A questão não é necessariamente prática pras feministas lésbicas, mas ética. As feministas lésbicas, não satisfeitas em compreender a sua 'condição' como uma mera situação populacional minoritária, congênita, específica, ou como uma 'prática sexual', ampliaram pra incluir todo tipo de experiência entre mulheres ligada a solidariedade e apoio mutuo e reconhecimento que rompesse com a socialização androcêntrica que recebemos. (Por que a eleição de uma mãe em apoiar seu filho homem e restringir e observar sua filha mulher não seria uma eleição erótica que apredemos desde cedo também?)

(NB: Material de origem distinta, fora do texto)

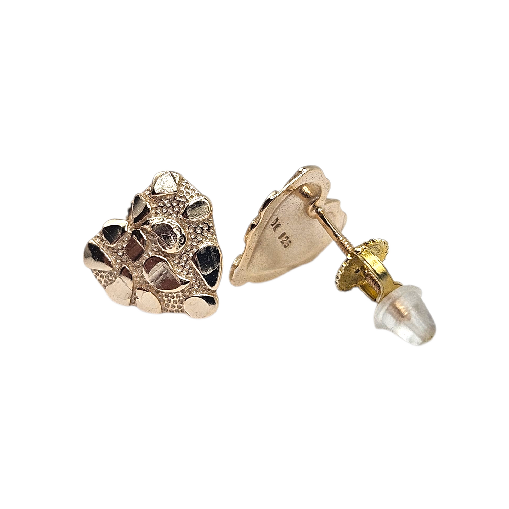 These 14K gold plated over silver 925 stud earrings feature a charming Heart Nugget design, making them a perfect addition to any woman's accessories collection. The elegant and timeless design adds a touch of sophistication to any outfit. Crafted with quality materials, these earrings are durable and long-lasting.

E sim, questionou a naturalidade das relações entre homens e mulheres, o amor cortês, o masoquismo, perguntou até onde faziam bem, ao menos como estão postas, e se não poderiam construir juntas algo novo. Nem que seja como projeto político. Feminismo e qualquer luta política tem uma dimensão de solidariedade vital. É preciso recuperar essa experiência de amor entre mulheres sim, em todos laços em que se manifestam e que são alvo da política sexista tensionar ou prevenir. É isso que feminismo-lésbico quis tentar transmitir, além de despertar pra abrangência da vivência lésbica, da vida das mulheres, dos laços entre elas. E isso não é um embate intelectual.

Tem um texto que pode interessar http://dialogoj.wordpress.com/2009/09/03/heterolesbo-feministas-lesboheterofeministas-la-cuestion-es-%c2%bfque-podemos-hacer-juntas/

Heterolesbo feministas lesboheterofeministas, la cuestión es ¿qué podemos hacer juntas?


Agora se a proposta é que retornemos às organizações LGBT/queer e fiquemos quietinhas no canto, satisfeitas com 'nossa' orientação sem questionar a naturalidade com que são postas as relações entre os sexos, como se simplesmente tivessem um carater erótico e afetivo e nenhuma política por trás, eu questiono se esse feminismo não se mostra temeroso demais de avançar nas suas conclusões.